И хотя это не касалось прямым образом ни Скронца, ни Пупоти, Турецкий заинтересовался этим делом сорокалетней давности. Да и странным было одно обстоятельство – что могло объединять культурного профессорского сына Костю с карманником, насильником и убийцей.
– И вот этого знал неплохо, – показал Петр Поликарпович на Леху. – Это какой год-то, погодите? Пятьдесят седьмой? Лето знаменитого фестиваля. Да, работенки тогда у нас было не дай Бог. За всеми отследи. Как бы шпана наша чего не наделала иностранным делегатам.
– Тогда Москву не чистили, как в восемьдесят пятом, – заметил Турецкий.
– Не припомню что-то, – покачал головой «Селедкин». – Вот Лешка тогда с зоны как раз вернулся. Никто ему въезда в Москву не закрыл. Так что тут на вашем снимке он свеженький, только что с зоны.
– А за ним больше дел не было? – поинтересовался Турецкий. – После пятьдесят седьмого.
Леха оказался хитрым. Его подозревали в совершении разного рода преступлений, ходили упорные слухи, что он стал большим паханом и держал весь Тимирязевский район. Но ни разу его не удалось ни на чем зацепить. Был случай с ограблением ювелирного магазина где-то в центре Москвы, следы вели сюда, на Плотину, но Лехе удалось отбрехаться. Дело против него прекратили за отсутствием улик.

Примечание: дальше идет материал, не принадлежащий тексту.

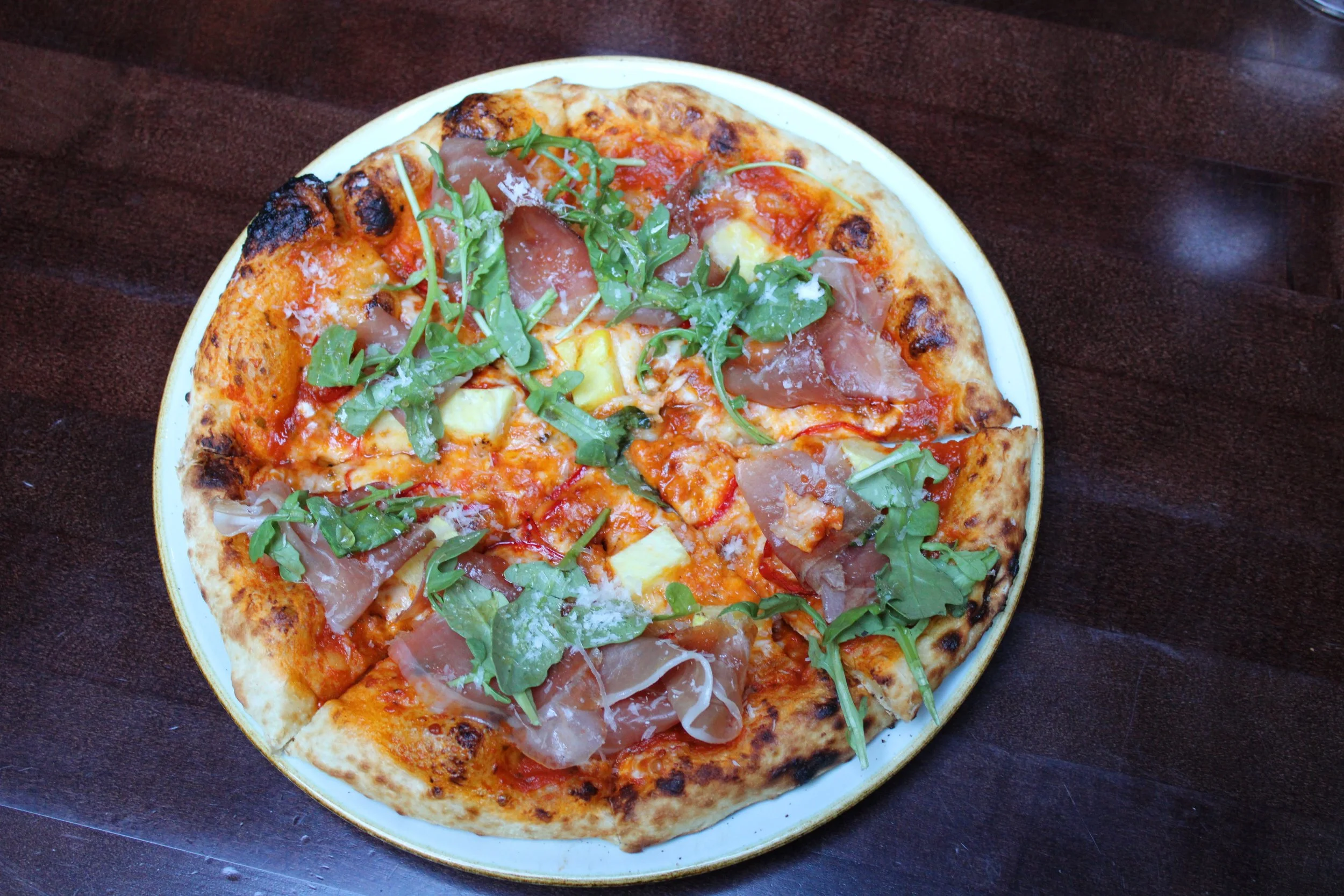 Tomato sauce, mozzarella, speck, pineapple, arugula, pickled fresno, smoked honey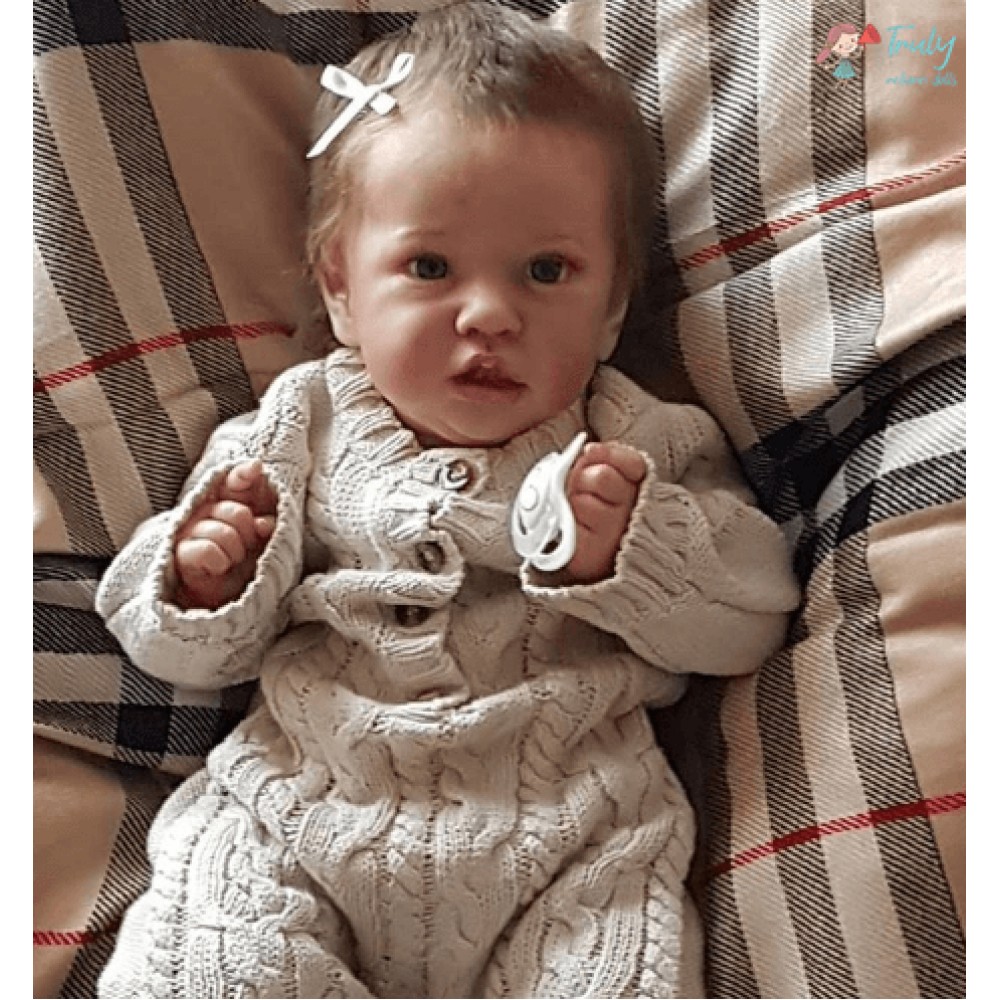 Realistic Saskia is 12'' Long and is made of authentic silicone vinyl, she has the sweetest disposition and a little trouble maker at times. Saskia will come to your home with all the love and affection you want, Holding her is such a joy.. She is weighted and feels like a real baby. I use only the best reborn supplies,making your reborn very realistic.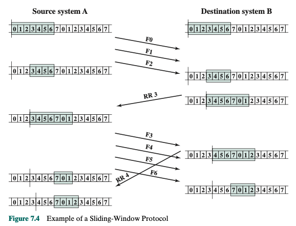 Stop & Wait 방식으로 통신했다면 F0을 보내고, 이에 대한 ACK을 받은 뒤에야 F1을 보낼 수 있었겠지만, Sliding Window 방식을 사용하면 ACK 없이 최대 7개의 프레임을 빠르게 보낼 수 있으므로 Propagation Delay가 줄어들어 성능이 좋아집니다.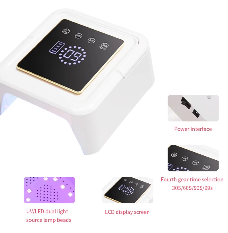 Taa ya kukausha misumari ya mraba inahakikisha hata kukausha gundi bila kupungua. Vyanzo vyake viwili vya mwanga hutoa joto laini ili kuzuia kubadilika rangi kwa mikono na mkazo wa macho, vinavyofaa kwa mikono na miguu yote miwili, hivyo kutoa matokeo ya kukauka haraka sana.

– А я же до сих пор уверен – Лешкиных это рук дело, – покачал головой старый опер. – Интуиция. Да и шепнули мне кое-что. Вы же следователь, молодой человек, и для вас не секрет, что преступление раскрывает не Шерлок Холмс с увеличительным стеклом в руках, который подбирает волоски и окурки, а наш брат опер с его системой осведомителей. А следователь потом только улики собирает для суда.
-Ну, это уж вы немного упрощаете, Петр Поликарпович. – Турецкий не смог удержаться от возражения, хотя и понимал, что сейчас словоохотливый старик сядет на своего любимого конька и начнет объяснять все от сотворения мира.

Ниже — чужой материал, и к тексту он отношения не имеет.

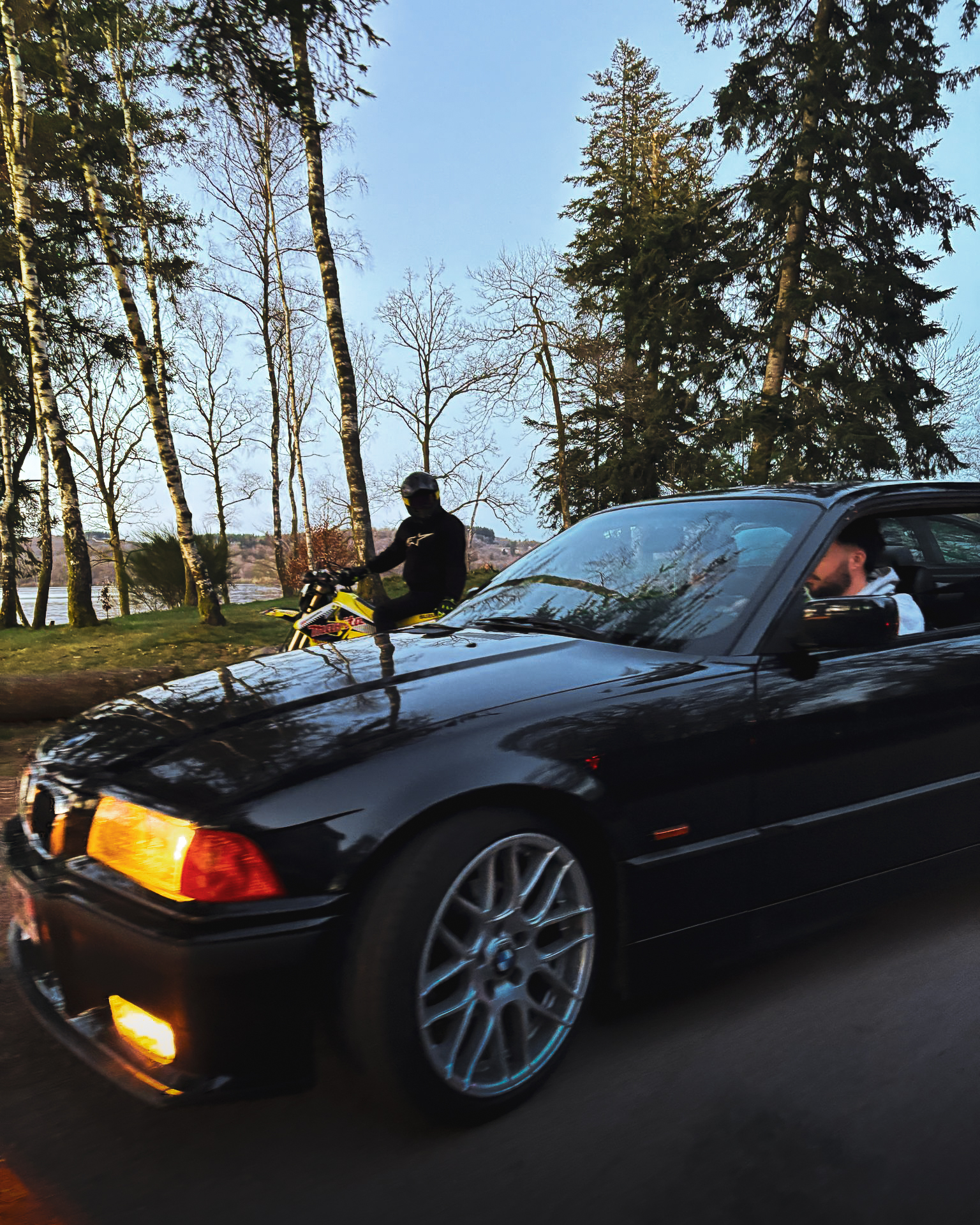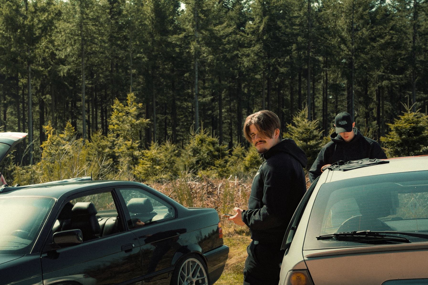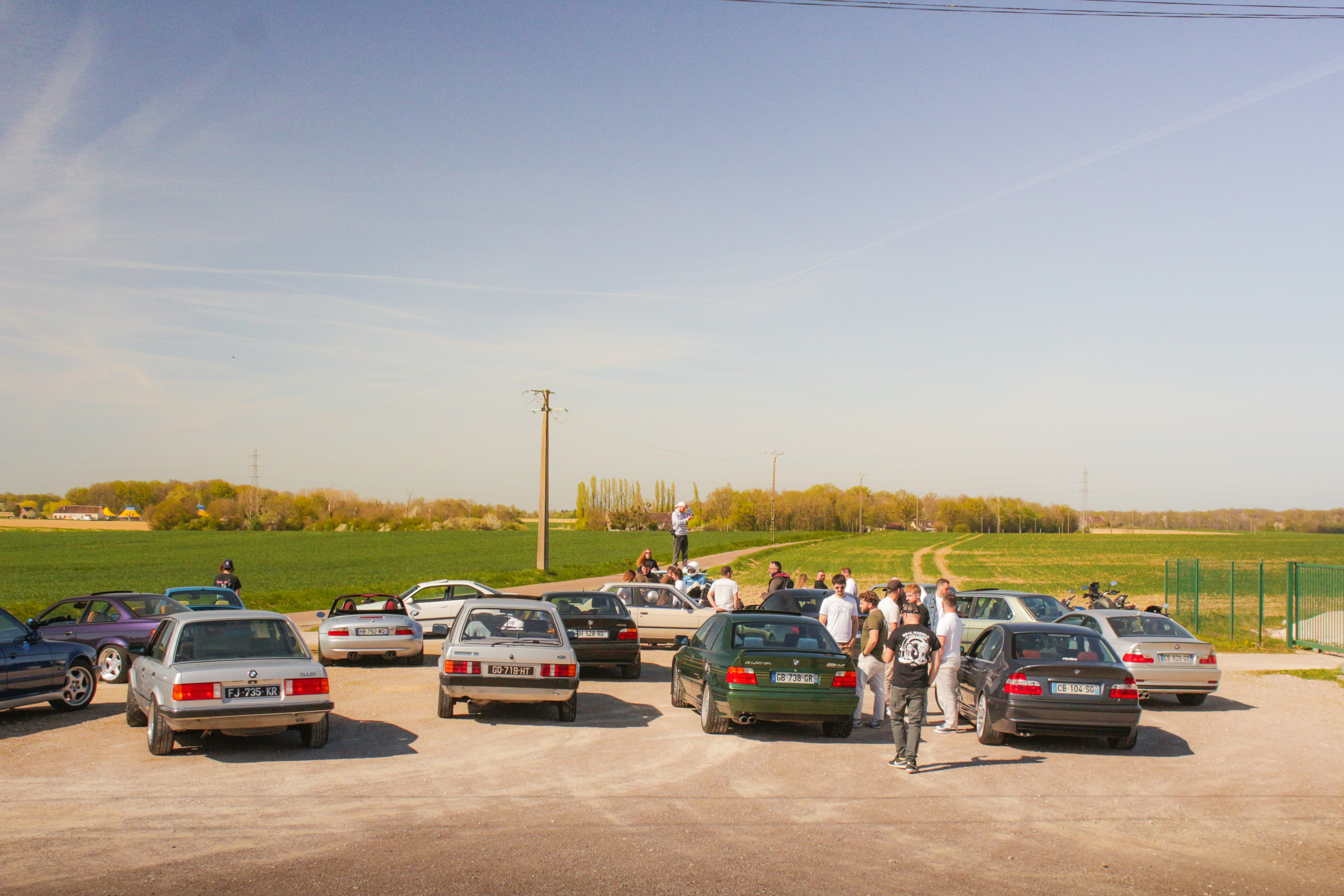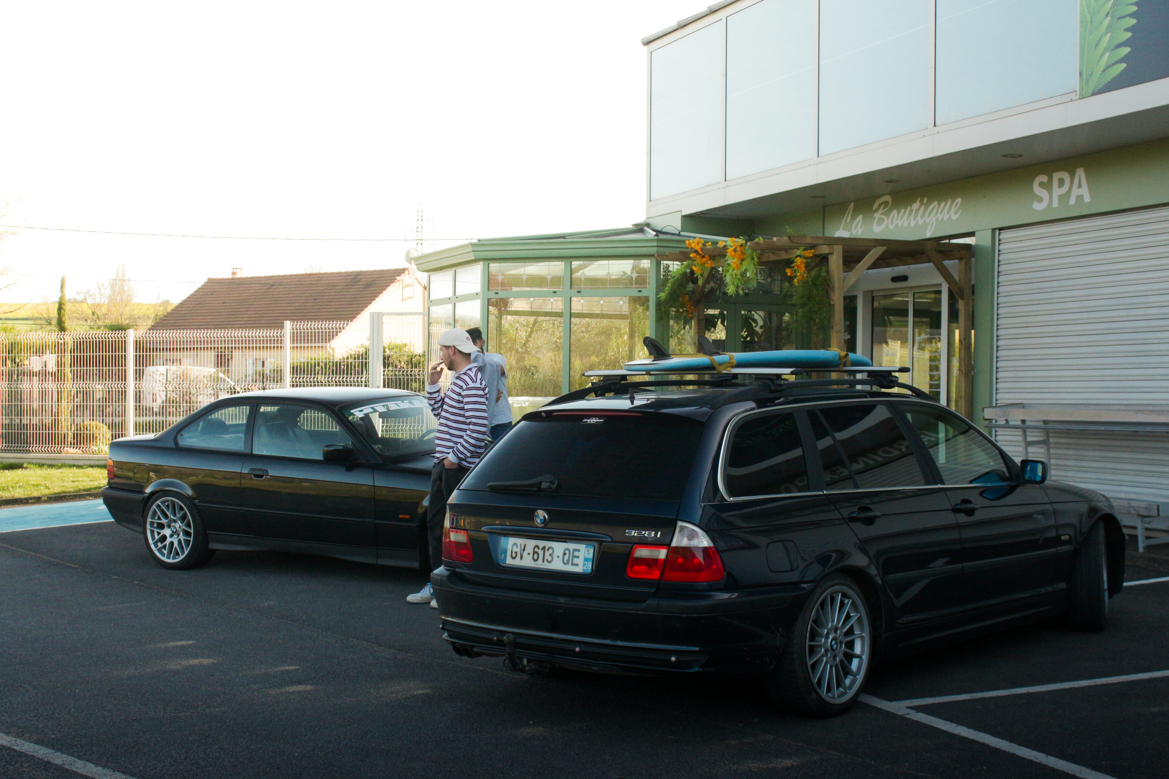 The sun’s out, windows down, elbows out—heading toward the Morvan. We catch up, fashionably late by the traditional courtesy hour, with our usual gang: Pierrot and Momo in their E36 328i and E46 325ti; this trip’s special guests, Antoine, along to grab some shots from the E36; Jerem’ on his 400DRZ, ready to play guide for the weekend; and Johana with me in the Touring, tagging along for a crash course in BMW lingo

Так оно и случилось, и Турецкому пришлось поплатиться за свои реплики и выслушать все соображения «Селедкина» об устройстве милиции и главенствующей роли оперуполномоченных в раскрытии преступлений.
Когда Бобрецов сделал паузу, Турецкий поспешил вернуть его в нужное русло:
– И что же этот Лешка? Куда он потом делся?
– Куда делся Лешка? – задумался старый опер. – Вот и не могу Вам ответить. Честное слово, упустил я его как-то из виду. Он от нас уехал. Когда? Сейчас подумаю… Как раз на месте, где он жил, хрущобы построили – бульвар Матроса Железняка там сейчас. Значит, год шестьдесят второй – шестьдесят третий. Да, наверно, где-то с середины шестидесятых я о нем уже почти не слышал. Но уезжал он таким, знаете, «преступным авторитетом», как нынче в газетах пишут. Вишь, очень уважительно к ним теперь. А раньше говорили просто – «пахан». Трудно сказать, куда он потом делся. Может, сел, а может, и нет. Этот ведь умел из любой передряги сухим выйти. Не подскажу вам.
– Или завязал?
– Нет, – засмеялся опер, – это вы кому-нибудь другому рассказывайте, тем, кто кино снимает про раскаявшихся преступников, кто душещипательные статьи пишет. Я ведь сказал «почти не слышал». Уехал, значит, Леха Алай и пропал, больше не появлялся. А потом по своим каналам узнаю новость: получил он звание вора в законе. Когда ж это? Вот память-то… Сдает! Помню, летом дело было, как раз дубинки ввели резиновые. Не то что сейчас – дрын какой-то, тогда аккуратная дубинка была – телескопическая, выкидывалась сама собой. Жаль, запретили почти сразу. Говорили – злоупотреблений много. А какие были дубинки! Теперешние «демократизаторы» им в подметки не годятся.